- Born: 4 June 1923 near Bedford
- Died: 10 March 2012 (aged 88) Bonsall, Derbyshire
- Education: Trinity College, Cambridge
- Scientific career
- Workplaces: Manchester University (after 1953), King's College London (after 1962), Lyell Professor of Geology, Royal Holloway, University of London (after 1986)

= Robert A. Howie =

British petrologist and mineralogist

Robert Andrew Howie (4 June 1923 – 10 March 2012) was a notable English petrologist.

== Life ==
He joined the RAF University Six Months course in 1941. He was hoping to go to Cambridge (engineering), but he was assigned to Edinburgh (meteorology). He contracted polio while in Gibraltar, ending his RAF duty.

He went to Trinity College, Cambridge (Chemistry, Geology and Mineralogy) after the RAF, graduating in 1950. His doctorate was about charnockites (very dark granites) from India. He was Lecturer at Manchester University after 1953, and Reader and later Professor at King's College London after 1962. He was appointed Lyell Professor of Geology at Royal Holloway, University of London in 1986. W A Deer, R A Howie and J Zussman authored the series 'Rock-Forming Minerals', a widely known mineralogy textbook (1 ed. had 5 vol., 2 ed. has finally all 11 vol.). He was principal editor of Mineralogical Abstracts (1971–2003), he would write over 1600 abstracts per year (during c. 35 years).

The mineral howieite (IMA 1964-017) was named in his honour. Cambridge University awarded him a ScD degree (1974), 'The Geological Society' awarded him the Murchison Medal (1976) and the Mineralogical Society of America awarded him the Public Service Award (1999).

== Selected publications ==
- Deer, William Alexander; Howie, Robert Andrew; Zussman, Jack (1962–1963) Rock-Forming Minerals (1 ed.). London: Longman. Note: 5 volumes.
- Deer, William Alexander (1966). "An Introduction to the Rock-Forming Minerals"

=== Rock-Forming Minerals series, 2 ed. ===
- Deer, William Alexander (1997). "Rock-Forming Minerals. Orthosilicates. Volume 1A"
- Deer, William Alexander (1986). "Rock-Forming Minerals. Disilicates and Ring Silicates. Volume 1B"
- Deer, William Alexander (1978). "Rock-Forming Minerals. Single-chain silicates. Volume 2A"
- Deer, William Alexander (1978). "Rock-Forming Minerals. Double-chain silicates. Volume 2B"
- Deer, William Alexander (1982). "Rock-Forming Minerals. Sheet silicates: Micas. Volume 3A"
- Deer, William Alexander (2009). "Rock-Forming Minerals. Layered silicates excluding micas and clay minerals.

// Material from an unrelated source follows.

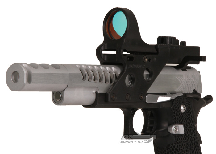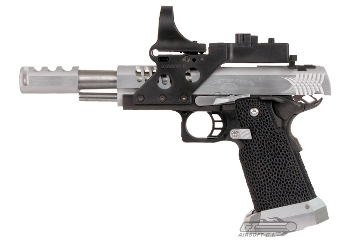 The Airsoft GI Custom F-Chu Too is another hand built pistols from our Master Technician Frank Chu. Frank is an avid IPSC shooter, and his knowledge and experience shooting real guns went into the design of the F-Chu Speed Racer. The base gun is a Tokyo Marui Hi Capa 5.1. The metal slide, compensator, magazine well, magazine base plate, magazine release button, slide catch, and cocking lever are all machined components from aluminum. The grip is a custom work of art that Frank stippled and cut with his own hands. Everything on this gun is built for speed. The red dot sight and integrated mount are included for faster target acquisition. The cocking lever makes pulling back the slide extremely easy and ensures the shooter a solid grip. The magazine well increases reloading accuracy. Finally, since all of the moving parts are CNC machined from lightweight aluminum it takes energy to get them moving. This is a high speed gun inside and out, but it's going to take a high speed shooter to use this gun to it's full potential.

Volume 3B"
- Wilson, M. J. (2013). "Rock-Forming Minerals. Sheet silicates: clay minerals. Volume 3C"
- Deer, William Alexander (1978). "Rock-Forming Minerals. Framework Silicates: Feldspars. Volume 4A"
- Deer, William Alexander (2004). "Rock-Forming Minerals. Framework silicates: silica minerals, feldspathoids and zeolites. Volume 4B"
- J. F. W. Bowles (2011). "Rock-Forming Minerals. Non-silicates: oxides, hydroxides and sulphides. Volume 5A"
- Chang, L. L. Y. (1996). "Rock-Forming Minerals. Non-silicates: sulphates, carbonates, phosphates, halides. Volume 5B"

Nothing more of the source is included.